Ikatan Ahli Ekonomi Islam Syariah berkeinginan ekonomi syariah bisa lebih membumi dengan mengembangkan program-program yang mendukung, serta berharap ekonomi syariah bisa menjadi bagian dari sistem ekonomi nasional.
Oleh
Nina Susilo
·3 menit baca
JAKARTA, KOMPAS — Ekonomi syariah sudah mulai tumbuh di Indonesia. Namun, perkembangannya relatif lambat. Oleh karena itu, bukan hanya perlu lebih efisien dan adil, ekonomi syariah juga dinilai perlu lebih membumi.
Keinginan untuk membumikan ekonomi syariah ini disampaikan oleh Ketua Umum Ikatan Ahli Ekonomi Islam Indonesia (IAEI) Sri Mulyani Indrawati di Kantor Wakil Presiden, Jakarta, Kamis (12/3/2020). Sri Mulyani bersama pengurus IAEI periode 2019-2023 menyampaikan program kerja mereka kepada Ketua Dewan Pengarah Ma’ruf Amin dan Dewan Pembina Jusuf Kalla.
Wakil Presiden Ma’ruf Amin berharap IAEI menjadi motor penggerak utamanya dalam pengembangan ekonomi syariah secara riil. Apalagi, sejak Februari lalu, pemerintah sudah menerbitkan Peraturan Presiden Nomor 28 Tahun 2020 tentang Komite Nasional Ekonomi dan Keuangan Syariah. Komite ini menggantikan Komite Nasional Keuangan Syariah dan diharapkan menghubungkan segala kegiatan ekonomi syariah.
Wapres Amin juga menyarankan empat hal, yakni pengembangan industri halal, pengembangan industri keuangan, pengembangan dana sosial, dan pertumbuhan bisnisnya. Diharapkan tak hanya kegiatan ekonomi syariah yang tumbuh, tetapi juga konsumennya.
Pengguna produk ekonomi syariah memang masih relatif rendah di Indonesia. Pada akhir 2019, nasabah bank syariah di Indonesia, seperti dicatat Otoritas Jasa Keuangan, baru sekitar 31,89 juta. Angka ini masih jauh di bawah jumlah rekening di bank umum. Lembaga Penjamin Simpanan menyebutkan, pada Agustus 2019 tercatat 292,96 juta rekening.
Oleh karena itu, kata Sri Mulyani, program IAEI adalah membuat ekonomi Islam membumi dan bisa menjadi bagian dari ekosistem ekonomi nasional.

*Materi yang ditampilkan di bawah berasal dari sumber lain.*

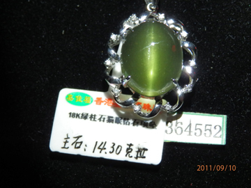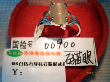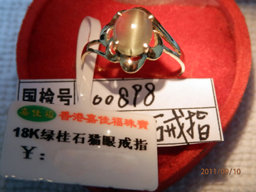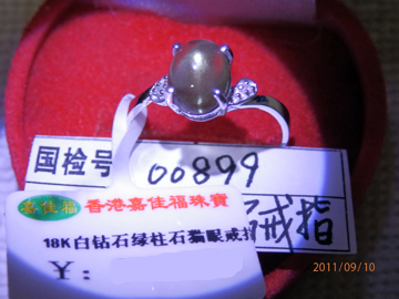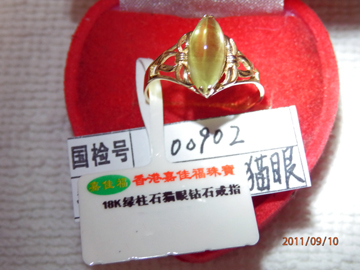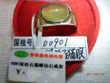 18k 黄钻绿柱石猫眼戒指 价格38000元
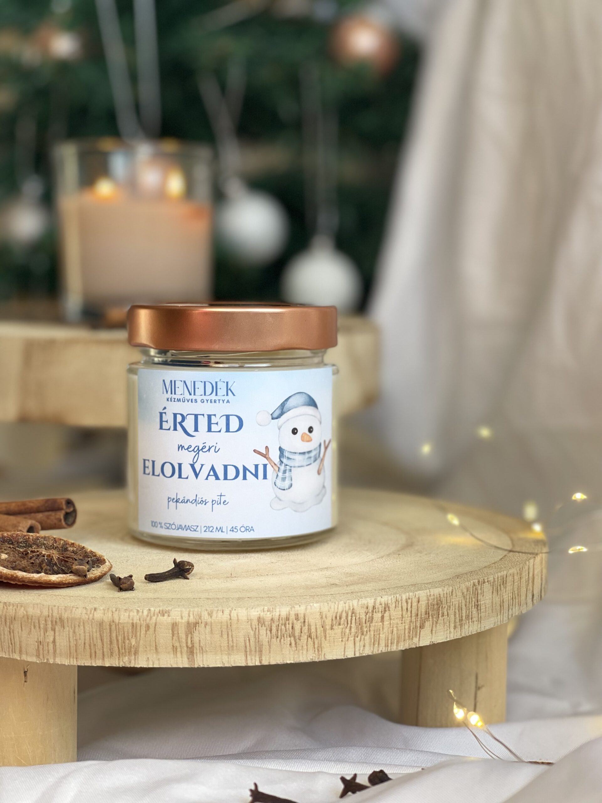 A Megéri elolvadni gyertya az ünnepi sütemények illatát hozza otthonodba: a pekándiós pite fűszeres-édes aromája varázsolja meghitté a téli estéket.
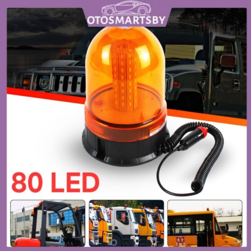 Lampu Rotary LED Beacon Mini Forkift Kedip Blitz Emercency DC 12V-24V 80LED
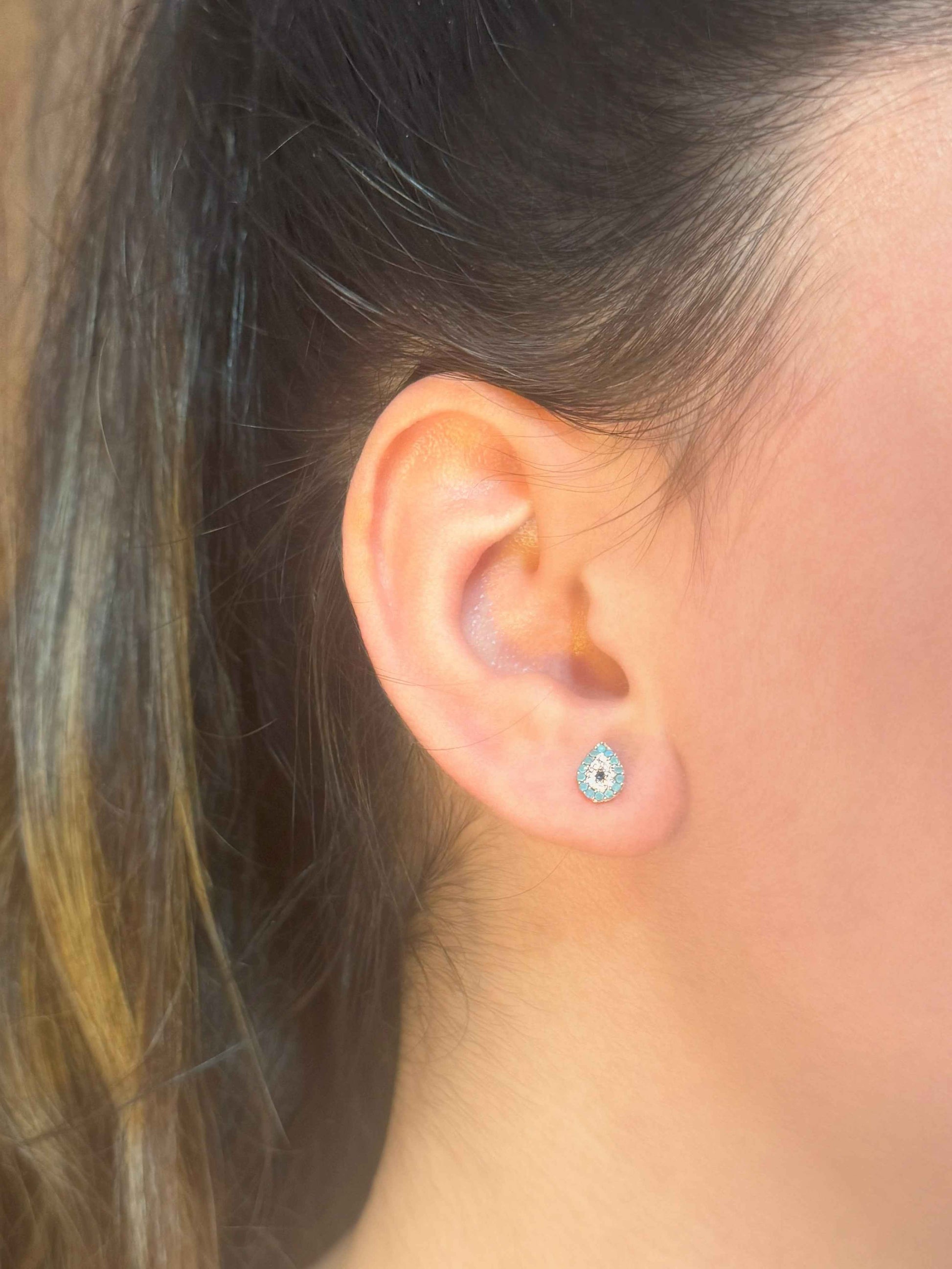 Mini Türkis Weiß Tropfen Silber Ohrringe
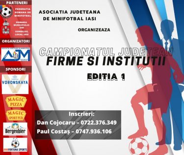 vezi stireaAsociația Județeană de Minifotbal Iași organizează prima ediție a Campionatului Județean pentru Firme și Instituții. Ce firme s-au înscris până acum
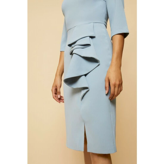 Tailored Ruffle Detail Midi Dress
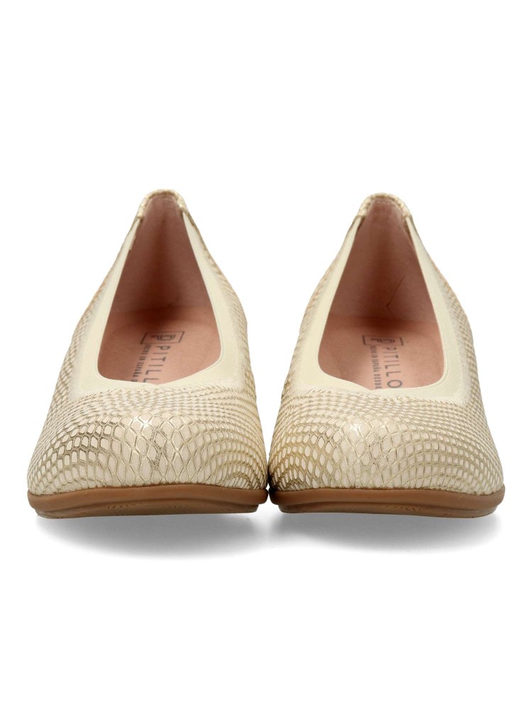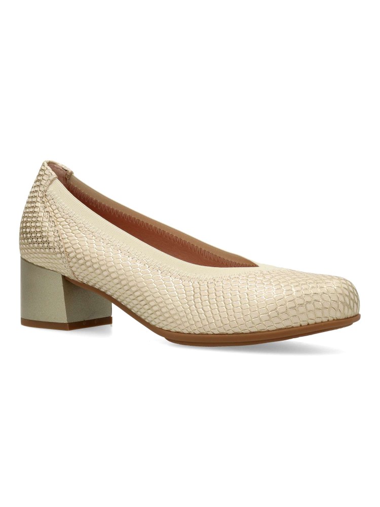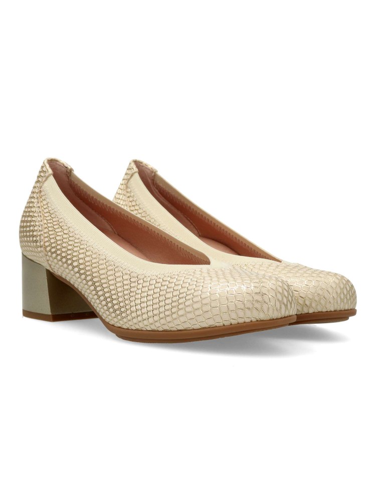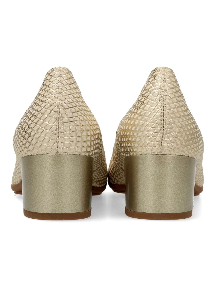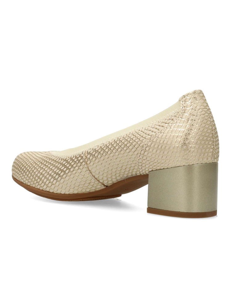 Un zapato básico, ligero y cómodo, que no debe faltar en tu armario. Zapato salón fabricado en piel grabada, con suela de goma flexible. Color oro. Altura tacón 4,5 cm. Diseño y confort, ideal tanto para tu día a día, como celebraciones. Hecho en España.
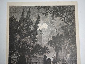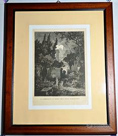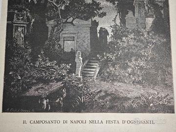 Incisione del 1874 intitolata "Il Camposanto di Napoli nella festa d'Ognissanti". L'opera ritrae un momento di profonda devozione presso il Cimitero di Poggioreale, il principale camposanto della città. Contesto Storico e Culturale: A Napoli, la festività di Ognissanti (1° novembre) e la successiva Commemorazione dei Defunti (2 novembre) rappresentano momenti di fortissimo legame tra il mondo dei vivi e quello dei morti. L'atmosfera: L'incisione cattura l'estetica romantica e malinconica tipica dell'epoca del Grand Tour , con una vegetazione fitta (cipressi e arbusti) che avvolge monumenti funebri e statue.La tradizione: Storicamente, durante queste giornate, migliaia di napoletani si recavano al cimitero non solo per la preghiera, ma per un vero e proprio rito collettivo di memoria, ornando le tombe con fiori e lumi.Il culto: Napoli è celebre per il suo rapporto unico con la morte (si pensi al culto delle "anime pezzentelle"), dove il confine tra i due mondi è percepito come sottile e quotidiano. Autori: È stata realizzata dagli artisti Adolf Closs e Carl Goebel, attivi nella seconda metà del XIX secolo. Cornice50x41cm Stampa32x23cm.
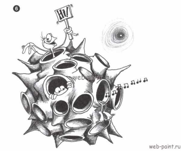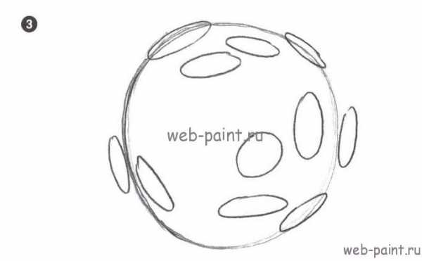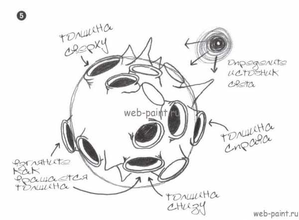 5. Обратите внимание, как я вращаю толщину кромки каждого кратера, согласно расположению их на поверхности астероида. Это отличное упражнение для практики. Напоминаю вам правило толщины: если кратер находится сверху, то толщина — сверху. Если кратер — справа, то толщина — справа. Если кратер (или окно, или дверь) слева, то толщина слева. И если кратер снизу, то толщина рисуется снизу.
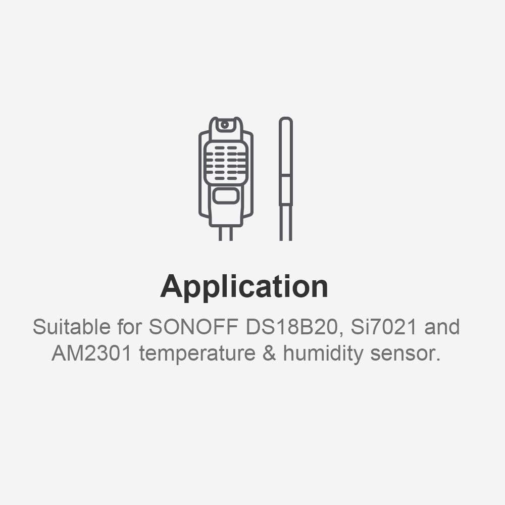 The Sonoff extension allows you to extend your wired temperature and humidity probe! It is suitable for Sonoff DS18B20, Si7021 and AM2301 temperature and humidity sensors. The maximum length for a DS18B20 is 8 m
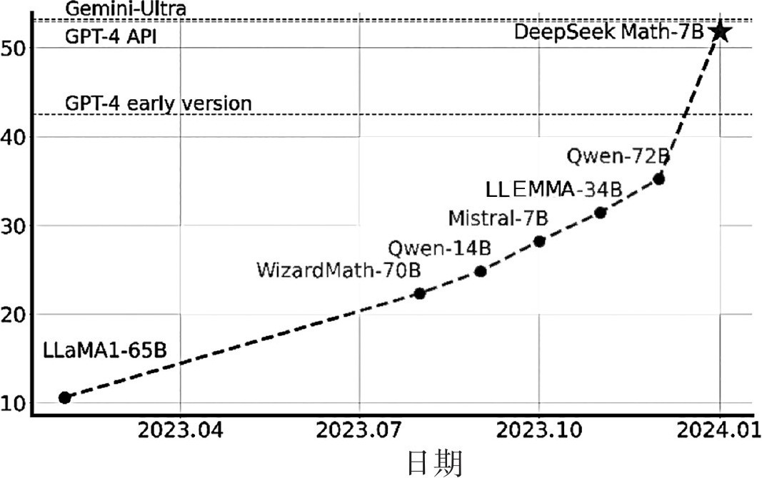 以代码生成(DeepSeek Coder)和数学推理(DeepSeek Math)为突破口,通过开源7B到67B参数的模型快速建立行业口碑。例如,2024年1月开源的7B数学模型在Math基准测试中超过50分,接近GPT-4和Gemini-Ultra的水平(见图1-2),直接挑战了闭源模型的垄断地位。
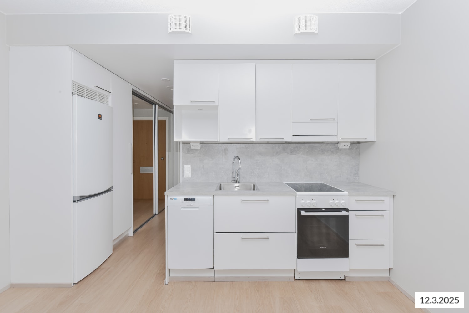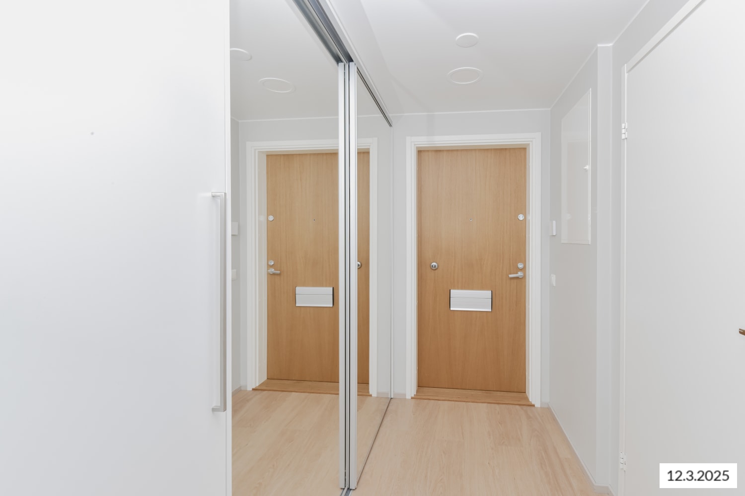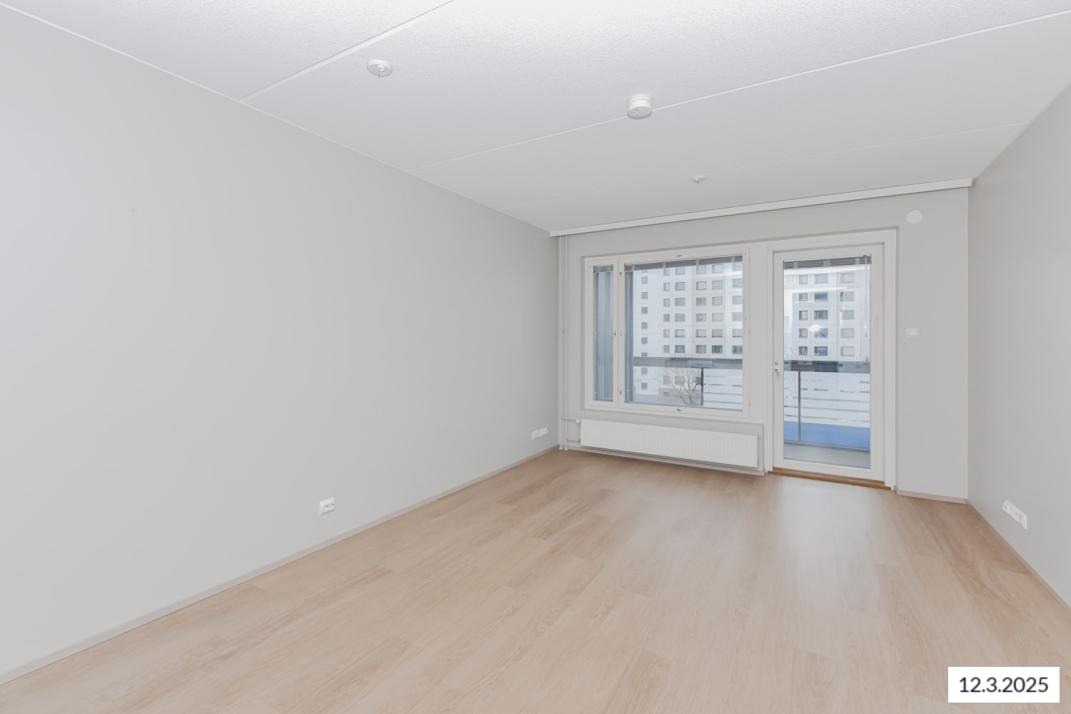 This brand-new studio feels more spacious than its square metres suggest and is easy to furnish into a cosy home. A small dining table fits neatly next to the kitchen area, and the generously sized glazed balcony faces the evening sun. The entrance features a mirrored wardrobe, and the window comes with ready-installed Venetian blinds.
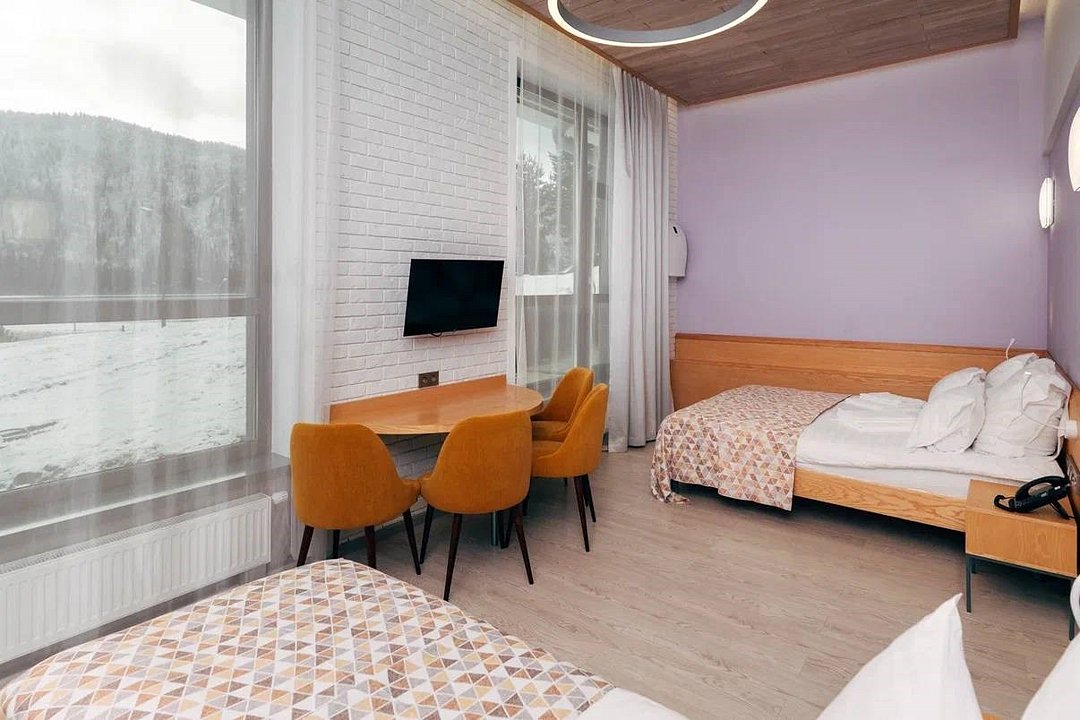 Wi-Fi, кондиционер, фен, электронные замки, утюг, душевая кабина, теплый пол, халаты, тапочки, гигиенические средства, косметические средства, две односпальные кровати, унитаз, раковина, душ, туалетные средства, внутренний телефон, мини-холодильник, вид на озеро, вид на горы, телевизор со Smart TV, мыло, можно с питомцамиВ гостиничном номере
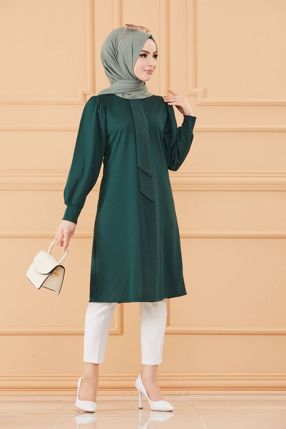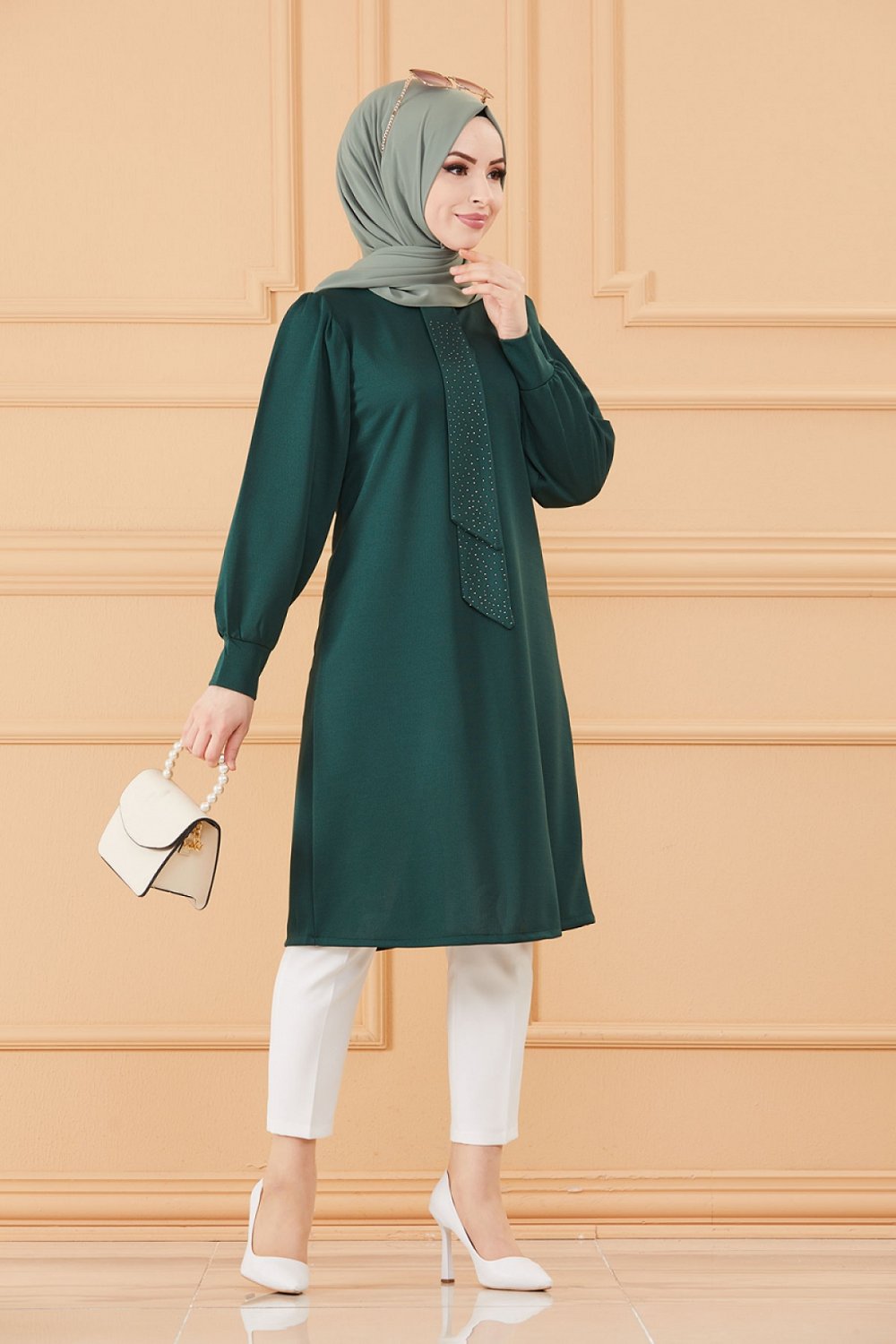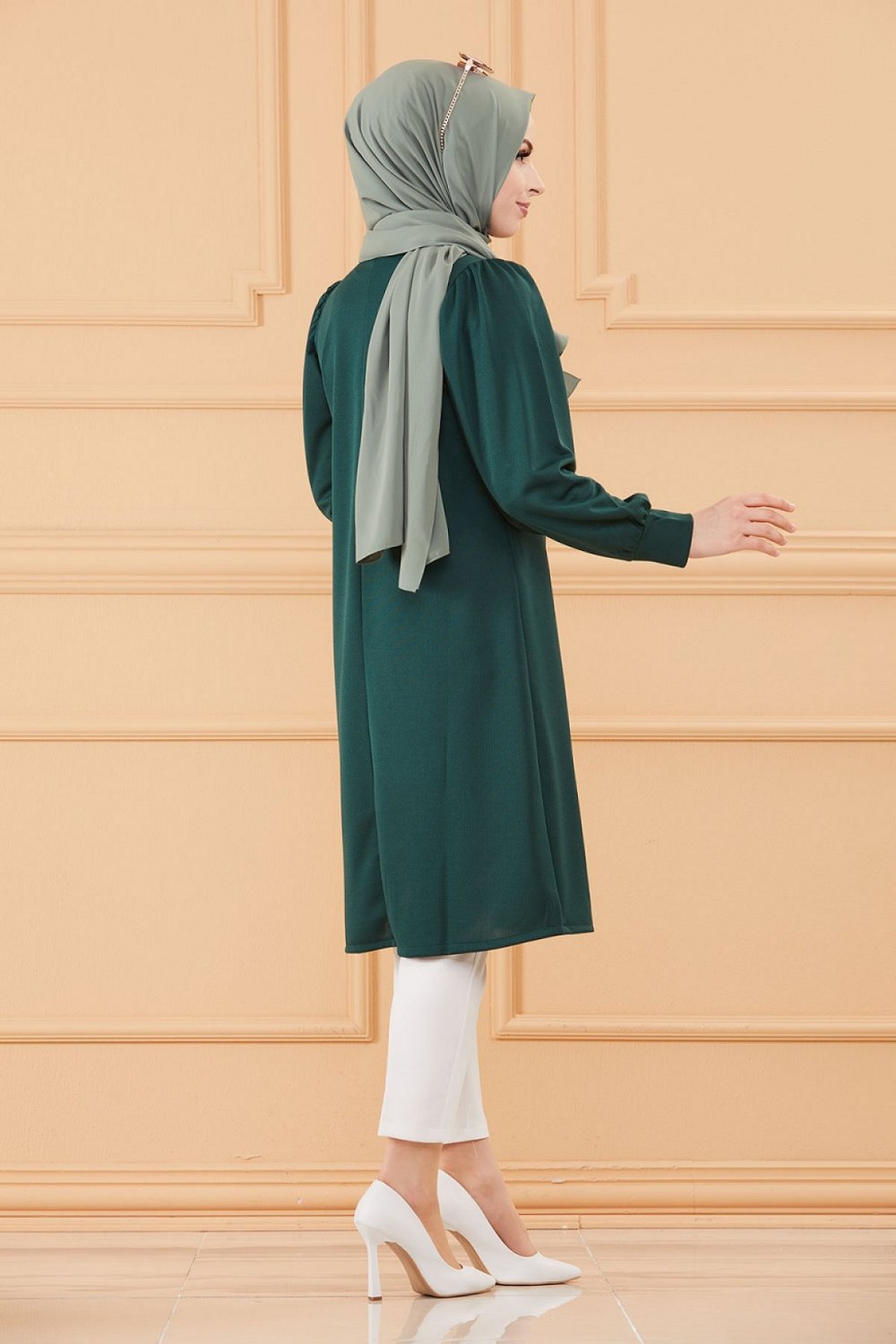 Tunique style habille pour femme (Tenue hijab classique) - Couleur vert emeraude

Untuk itu, IAEI bekerja sama dengan Masyarakat Ekonomi Syariah, Ikatan Ekonomi Islam Indonesia (ISEI), dan Koneks (Komite Nasional Ekonomi Keuangan Syariah).
”Itu suatu sinergi dari kita semua untuk memikirkan memformulasikan mulai dari kebijakan, seperti kebijakan bagaimana membuat industri atau kegiatan ekonomi yang sifatnya Islam itu bisa seinklusif mungkin dan skalanya bisa lebih besar,” kata Sri Mulyani.
Formulasi ini diterapkan baik untuk produk-produk keuangan, produk dana sosial seperti zakat dan wakaf, ataupun instrumen kebijakan dan instrumen untuk mengukur keberhasilan sistem ini. Di sisi lain, disiapkan forum-forum untuk memberi informasi dan edukasi serta menciptakan kesadaran lebih luas akan produk-produk ekonomi syariah ini.
Mendorong pemahaman warga ataupun pelaku ekonomi syariah, beberapa program disiapkan, seperti economic challenge, halalbihalal sekaligus forum diskusi ekonomi Islam, halal food festival, dan Halal Industries Summit (HIS) pada akhir 2020.
Jusuf Kalla, Wapres ke-10 dan ke-12 RI, menekankan efisiensi dan keadilan dalam ekonomi syariah. ”Membawa ekonomi Islam ke sistem ini, (berarti) harus lebih efisien. Kalau lebih rumit dan tidak efisien, sulit,” ujarnya kepada wartawan.
Kalla juga mengingatkan supaya ekonomi Islam tidak rumit sehingga tak membuat bingung pelaku usaha. Hal ini juga memudahkan sistem ekonomi syariah menjadi bagian dari sistem nasional dan menjadi alternatif bagi masyarakat.
Ekonomi Islam, kata Kalla, sebaiknya tak terlampau banyak ”pagar”-nya. ”Pagarnya sederhana. Selama tidak haram, ya halal. Selama halal, ya syar’i,” katanya kepada pengurus IAEI.
Selain itu, lanjut Kalla, perlu didorong semangat masyarakat untuk berwirausaha. Hal ini, misalnya, bisa dilakukan oleh dai-dai.